← Back to context

Comment by F7F7F7

7 months ago

Is there a person on HackerNews that doesn’t understand this by now? We all collectively get it and accept it, LLMs are gigantic probability machines or something.

That’s not what people are arguing.

The point is, if given access to the mechanisms to do disastrous thing X, it will do it.

No one thinks that it can think in the human sense. Or that it feels.

Extreme example to make the point: if we created an API to launch nukes. Are yoh certain that something it interprets (tokenizes, whatever) is not going to convince it to utilize the API 2 times out of 100?

If we put an exploitable (documented, unpatched 0 day bug bug) safe guard in its way. Are you trusting that ME or YOU couldn’t talk it into attempting to access that document to exploit the bug, bypass the safeguard and access the API?

Again, no one thinks that it’s actually thinking. But today as I happily gave Claude write access to my GitHub account I realized how just one command misinterpreted command could go completely wrong without the appropriate measures.

Do I think Claude is sentient and thinking about how to destroy my repos? No.

I think the other guy is making the point that because they are probabalistic, they will always have some cases select the output that lies and covers it up. I don't think they're dismissing the paper based on the probabalistic nature of LLMs, but rather saying the outcome should be expected.

> if we created an API to launch nukes

> today as I happily gave Claude write access to my GitHub account

I would say: don’t do these things?

  • > I would say: don’t do these things?

    Hey guys let’s just stop writing code that is susceptible to SQL injection! Phew glad we solved that one.

    • I'm not sure what point you're trying to make. This is a new technology; it has not been a part of critical systems until now. Since the risks are blindingly obvious, let's not make it one.

      5 replies →

  • If you cross the street 999 times with eyes closed, you might feel comfortable to do it again. But we are ingrained not to do that once. We just understand the risk.

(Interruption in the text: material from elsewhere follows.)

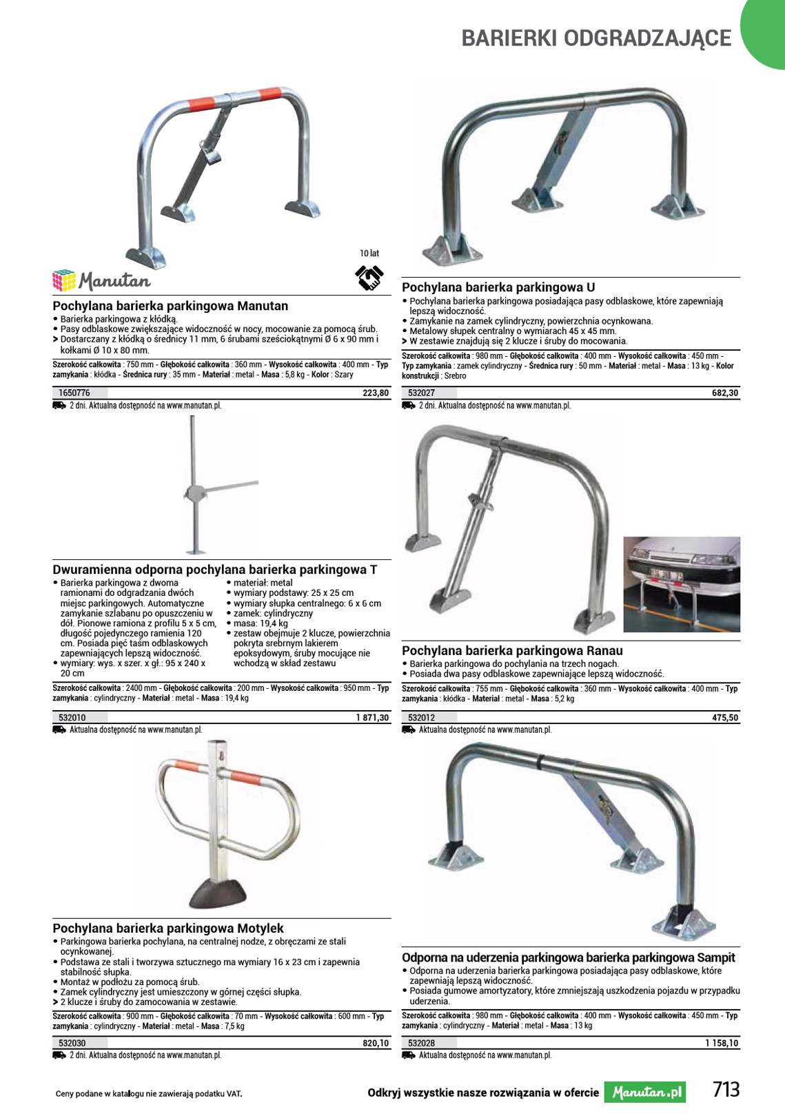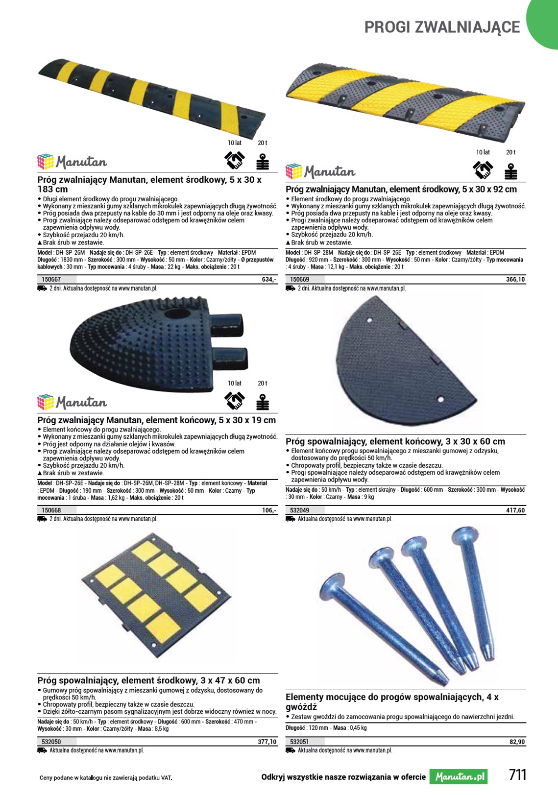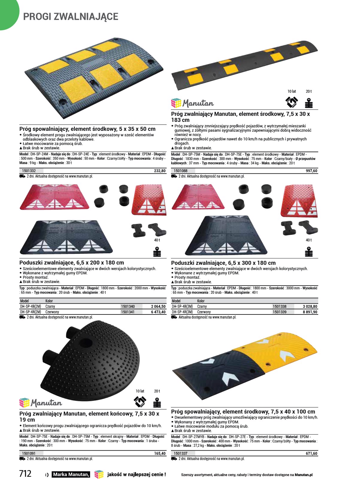 SŁUPKI ODGRADZAJĄCE 10 lat 12000 kg 10 lat Przejazd kablowy Manutan Two z osłoną górną • Listwa kablowa ze ściąganą pokrywą, • średnica otworu: 30 mm przeznaczona na 2 kable. Powierzchnia • liczba otworów: 2 antypoślizgowa, łatwa manipulacja. • materiał: PVC • kolor: czarny/żółty • masa: 4,2 kg • wys. x szer. x gł.: 45 x 250 x 1000 mm • obciążenie maksymalne: 12 t SS Przejazd nie ma otworów na śruby, więc nie można go przymocować do podłoża. Ø przepustów kablowych : 30 mm - Długość całkowita : 1045 mm - Szerokość całkowita : 270 mm - Wysokość całkowita : 60 mm - Przeznaczone do kabla o Ø : 30 mm - Maks. liczba kabli : 2 - Maks. obciążenie : 12000 kg - Masa : 4,2 kg - Kolor : Czarny/żółty 1501093 2 dni. Aktualna dostępność na www.manutan.pl. 244,60 Mostek kablowy z osłoną Manutan, prosty • Ochronna listwa kablowa z • średnica otworu: 55 mm powierzchnią antypoślizgową jest • liczba otworów: 3 przeznaczona na trzy kable. • materiał: PCV • kolor: czarny/żółty • masa: 10,3 kg • wys. x szer. x gł.: 8 x 51 x 98 cm • obciążenie maksymalne: 12 t Długość całkowita : 98 cm - Szerokość całkowita : 51 cm - Wysokość całkowita : 8 cm - Przeznaczone do kabla o Ø : 55 mm - Maks. obciążenie : 12 t - Materiał : tworzywo sztuczne - Masa : 10,3 kg - Kolor : Czarny/żółty 1500063 2 dni. Aktualna dostępność na www.manutan.pl. 477,30 Profil najazdowy do krawężnika, guma, wysokość 50 mm • Gumowy profil najazdowy do krawężnika umożliwia łatwy najazd na krawężniki o wysokości 5 cm, bez ryzyka uszkodzenia kół pojazdu. • Wykonany z kauczuku EPDM, ze zbrojeniem drutem stalowym. • Nośność najazdu do 40 t. • Powierzchnia najazdów posiada profilowane występy, które zapobiegają ślizganiu się kół pojazdu. • W celu zapewnienia wyższego bezpieczeństwa i widoczności profil najazdowy wyposażono w elementy odblaskowe. • Mocowanie za pomocą elementów kotwiących w nawierconych otworach (śrubki, kołki rozporowe). SS Brak elementów montażowych w zestawie, należy je dokupić osobno. 994300 2 dni. Aktualna dostępność na www.manutan.pl. 177,20 Odbojnice parkingowe Joel • Gumowe bloki parkingowe zapewniające lepszą organizację i wydzielenie przestrzeni parkingowej. • Wysoka odporność na uderzenia oraz warunki atmosferyczne. • Wyposażony w paski odblaskowe, które zapewniają dobrą widoczność. • Łatwy montaż przez zamocowanie za pomocą śrub w ziemi. SS Brak elementów montażowych w zestawie. Kolor : Czarny/żółty - Głębokość całkowita : 150 mm - Wysokość całkowita : 100 mm - Materiał : guma Szerokość całkowita Masa 900 mm 7 kg 1830 mm 13,5 kg 2 dni. Aktualna dostępność na www.manutan.pl. 1501989 1501990 273,50 558,70 Mostki kablowe GP1, proste, 3 m • Uniwersalne ochraniacze kablowe do użytku wewnętrznego i zewnętrznego. • Wariant z żółtą taśmą bezpieczeństwa zwiększa widoczność przejazdu. • Obniżają ryzyko potknięcia o ułożone luzem kable. • Zapobiegają niepożądanemu wyciąganiu czy uszkadzaniu kabli. • Do układania kabli służy otwór wewnętrzny 8 x 14 mm. Długość całkowita : 3 m - Szerokość całkowita : 68 mm - Wysokość całkowita : 11 mm - Materiał : PCV - Masa : 1,8 kg Kolor Czarny Czarny/żółty Aktualna dostępność na www.manutan.pl. 731140 731144 201,60 265,30 Mostki kablowe GP2, proste, 9 m • Uniwersalne ochraniacze kablowe do użytku wewnętrznego i zewnętrznego. • Wariant z żółtą taśmą bezpieczeństwa zwiększa widoczność przejazdu. • Obniżają ryzyko potknięcia o ułożone luzem kable. • Zapobiegają niepożądanemu wyciąganiu czy uszkadzaniu kabli. • Do układania kabli służy otwór wewnętrzny 10 x 30 mm. Długość całkowita : 9 m - Szerokość całkowita : 83 mm - Wysokość całkowita : 14 mm - Materiał : PCV - Masa : 6,85 kg Kolor Czarny Czarny/żółty Aktualna dostępność na www.manutan.pl. 731141 731145 728,50 783,50 715

    If you do the same with an AI, after 999 times of nothing bad happening, you probably just continue giving it more risky agency.

    Because we don't and even can't understand the internal behavior, we should pause, make an effort of understanding its risks etc before even attempting to give it risky agency. That's where all the fuss is about, for good reasons.

  • Everybody wants the models to be able to execute code and access the Web. That's enough to cause harm.

  • > I would say: don’t do these things?

    That becomes a much fuzzier question in the context of Turing complete collections of tools and/or generative tools.

> Again, no one thinks that it’s actually thinking

I dunno, quite a lot of people are spending a lot of time arguing about what "thinking" means.

Something something submarines swimming something.